Personally, I didn’t want to see my grandma’s grave a year later.  It did not feel like something that should be marked on the calendar like we do birthdays or when a family from out of town comes down to visit.  I almost used the class as an excuse not to go with my parents, but since I live with them, I didn’t even bother to try.  I just didn’t understand, or appreciate the reason we were going at the time.

“We’re here!”  Dad said as he pulled up to the cemetery where Grandma was buried.

Mom, Dad, and I all got out of the car and started walking over our plot where Grandma was buried.  I knew the way, but I felt so uncomfortable that I followed behind my parents.

I think Mom noticed, because as soon as we got there, she turned, and waited for me with a smile that felt obligated.

“Here, you can do the honors.”  She handed me the bouquet of flowers to lay down on top of her grave.

“Thank you,” I replied in sort of a mumble.

It took me a split moment of hesitation, but it was the only reply I could come up with.

After I had set the flowers on Grandma’s grave, my mother said a few words.  I didn’t say anything.  I just felt awkward, and unsure what to do other than simply stand there for a while in the silence.  When it was time for the silence to come to an end Dad, put his hand on my mom’s back.  She turned to him with that same smile and agreed it was time to go.

Although the visit to Grandma’s grave seemed insignificant, and ordinary, it turned out to be the little thing that led up to a big decision, not a whole lot later.

I had class so soon after the visit that I couldn’t even change out of my button shirt, and slacks into something more casual for school.  In fact, I had to speed all the way there in my car to barely make it in time for my English Professor to follow me in to start his lesson.
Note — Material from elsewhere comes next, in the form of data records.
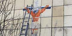 Сотрудники коммунальных служб Перми очистили стену жилого дома, на котором художник Александр Жунев нарисовал граффити, изображающее распятого на кресте космонавта Юрия Гагарина. В связи с появлением рисунка ведется полицейская проверка (фото: krymedia.ru)
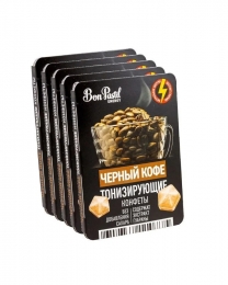 Конфеты Bon Pastil ENERGY Черный Кофе разработаны при содействии ведущих ученых диетологов ГБОУ ДПО РМАПО и ФГБНУ НИИ Питания. Уникальная рецептура: тонизирующие конфеты на основе сублимированного кофе с добавлением экстракта гуараны - природного энергетика, без добавления сахара. Передовая технология - метод холодного прессования, обеспечивает сохранение максимального количества полезных веществ. Подходят для здорового, диетического питания, для веганов, разрешены к употреблению при сахарном диабете
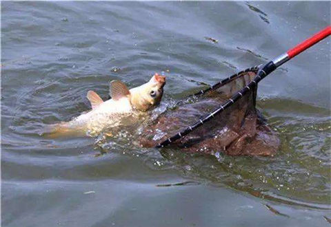 遛鱼时鱼的劲头很大,就急着抄鱼,这种情况跑鱼也很常见。在抄鱼的技术上也有“文章”可作,要争取一抄成功,若一次不成,鱼受惊就更难抄了,甚至空钩挂在抄网上,十之八九跑鱼。多数情况下,鱼入网后尾部还露在网外,若先抄尾,此大鱼很可能跑掉。抄网应放在水下隐蔽,等拉鱼入网再抄。
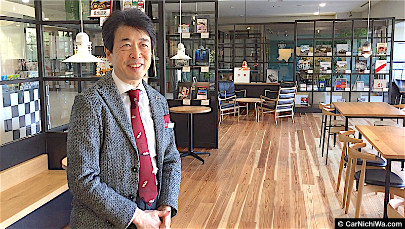 Mr. Nunogaki was happy to show us the new Cars & Books Café. We learned that the floor was renovated using cedar timber obtained through forest thinning.
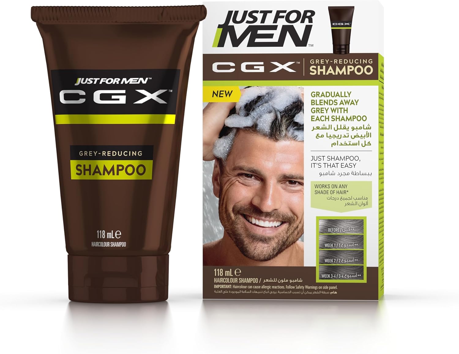 Reduce grey hair naturally with Just for Men Control GX Shampoo. Its patented formula gradually blends grey with every wash while gently cleansing and conditioning hair. Designed for subtle, natural-looking results, it enhances shine and texture. Perfect for busy men who want a gradual, low-maintenance solution to grey hair.
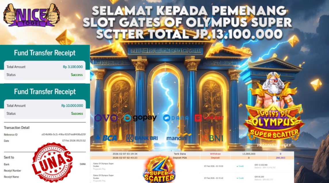 Selamat kepada User id : KDSF**** Telah berhasil mendapatkan kemenangan besar pada permainan SLOT GATES OF OLYMPUS SUPER SCTTER Dengan kemenangan Sebesar Rp. 13,100,000,- Setelah mengisi formulir withdraw dengan kurung waktu hanya 5 – 10 menit pihak NICETOGEL sudah melakukan transfer kepada pemilik Userid dan dana sudah dapat di cairkan oleh pemenang. Bukti pembayaran yang kami berikan merupakan bukti pembayaran yang SAH / VALID yang langung di dapatkan melaui tanda transfer transaksi dari Bank yang di tuju.
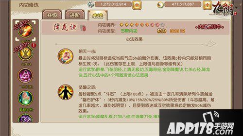门派内功:三内 降龙决(伤害加成最高)、二内 玉阳神功 (使用双古谱的情况下可以开4心法)
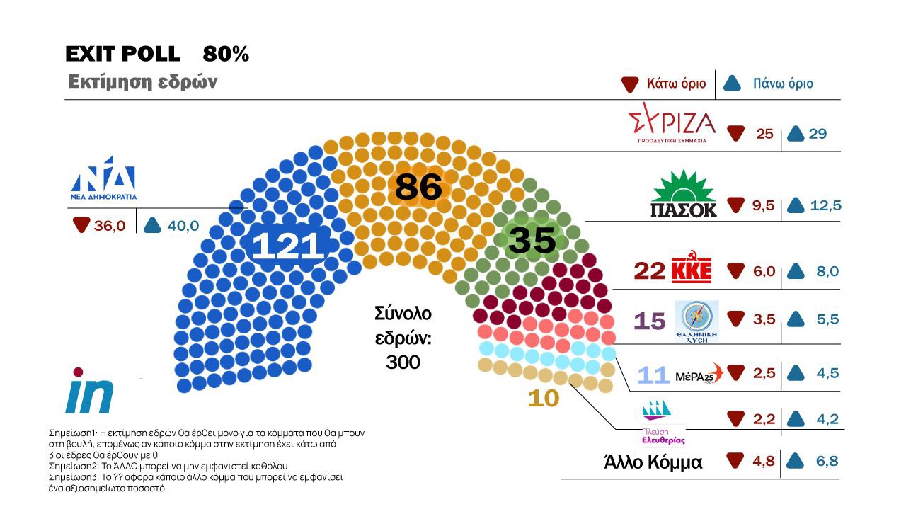 Συγκεκριμένα, η ΝΔ θα κινηθεί μεταξύ 36% έως 40% και θα λάβει περί τις 121 έδρες (38%), ο ΣΥΡΙΖΑ 25% έως 29% περί τις 86 έδρες (28%), το ΠΑΣΟΚ από 9,5% έως 12,5% λαμβάνοντας 35 έδρες (11%), το ΚΚΕ από 6% έως 8% γύρω στις 22 έδρες (7%), η Ελληνική Λύση από 3,5% έως 5,5% δηλαδή γύρω στις 15 έδρες (4,5%), ενώ το ΜέΡΑ25 κινείται μεταξύ 2,5% και 4,5% με 11 έδρες και η Πλεύση Ελευθερίας από 2,2% έως 4,2% με 10 έδρες.
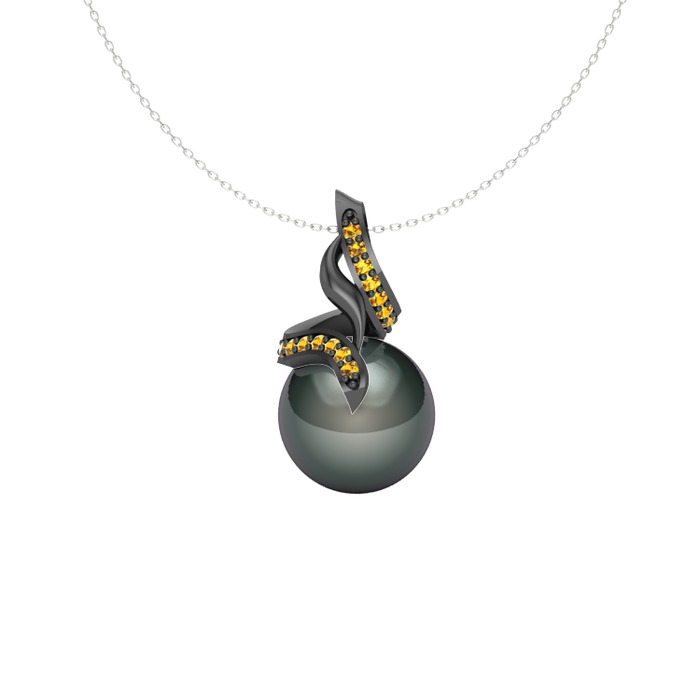 Siyah inci ve sitrin 925 ayar siyah rodyum kaplama gümüş kolye (40 cm beyaz altın rolo zincir)
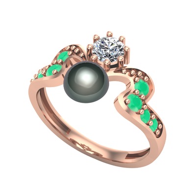 Siyah inci, beyaz zirkon ve kök zümrüt 18 ayar rose altın yüzük
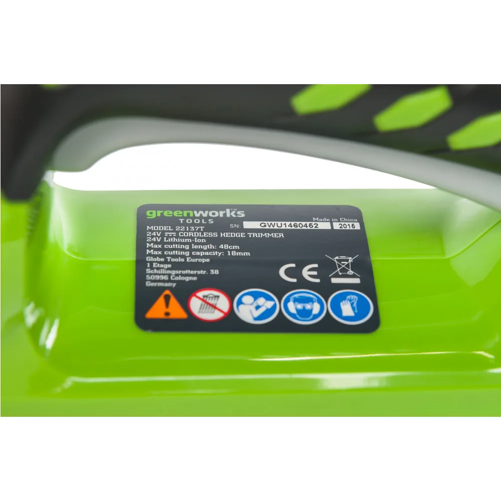 Данная модель оснащается системой, предотвращающей случайное включение, а также имеет защитный щиток рук. Кусторез относиться к системе устройств G-24V и работает от аккумуляторов Гринворкс 24V, которые подходят к более чем 20-ти устройствам, что позволит вам сэкономить на покупке дополнительных аккумуляторов если вы пожелаете приобрести какое-то устройство из данной линейки.

It was sitting in that chair while the professor was talking that I had my revelation.  I looked down and saw that my dress shoes were still on because I didn’t even have enough time anymore to change before leaving.  My schedule had been that tight since I had started, and it wasn’t letting up.  I was still living with my parents, I didn’t feel anywhere closer to anything but debt, and more importantly I wasn’t happy.
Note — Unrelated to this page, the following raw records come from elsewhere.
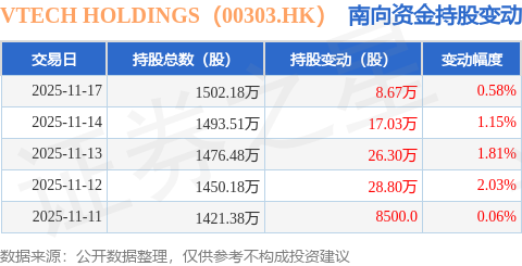 证券之星消息,11月17日南向资金增持8.67万股VTECH HOLDINGS(00303.HK)。近5个交易日中,获南向资金增持的有5天,累计净增持81.65万股。近20个交易日中,获南向资金增持的有16天,累计净增持113.56万股。截至目前,南向资金持有VTECH HOLDINGS(00303.HK)1502.18万股,占公司已发行普通股的5.93%。
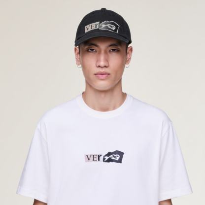 Introducing the Y-3 Graphic Dad Cap.Crafted from cotton twill, this cap by Y-3 and adidas features a stone-washed finish. The 5-panel construction offers comfort, while the quilted brim provides subtle structure.The back slider offers an adjustable fit. At the forefront is the striking printed "Very-3" graphic, a collage-inspired design that reflects a raw, expressive aesthetic with its ripped visuals and mismatched typography.
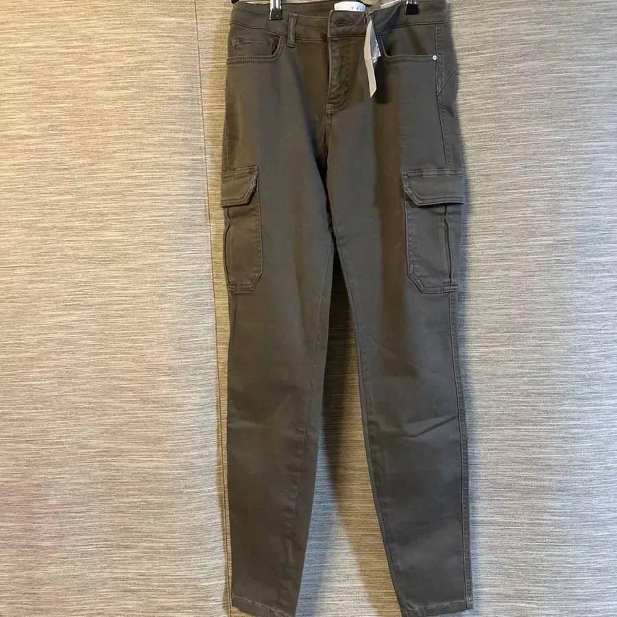 올리브 그린 카고 팬츠, 사이드 포켓이 있어 기능적입니다.
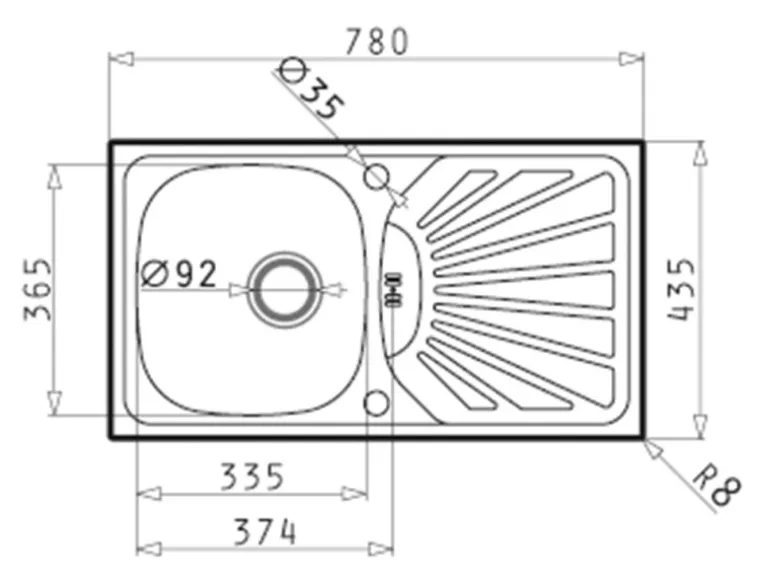 Spülenmaß: 78 cm x 43,5 cm x 15 cm

Visiting Grandma earlier that day reminded me of her philosophy and I remembered the story of Grandma telling Mom when she was a teenager and wanted to write music:

“If that’s what you want to do, then don’t waste your time doing anything else, because you’ll realize one day you only have time for so many songs.”

My mom didn’t follow the advice, but my Grandma and Grandpa did their entire lives, and couldn’t have been happier.  I realized I was tired of working to prove my knowledge to someone else, and started working on an online business that would make me happy.  I already knew a lot of what I needed to know, but college essentially told me you shouldn’t dare try.

That day I seriously considered taking the idea of what Grandma lived behind, apply it to my life by dropping out of college, and putting my time into starting an online business.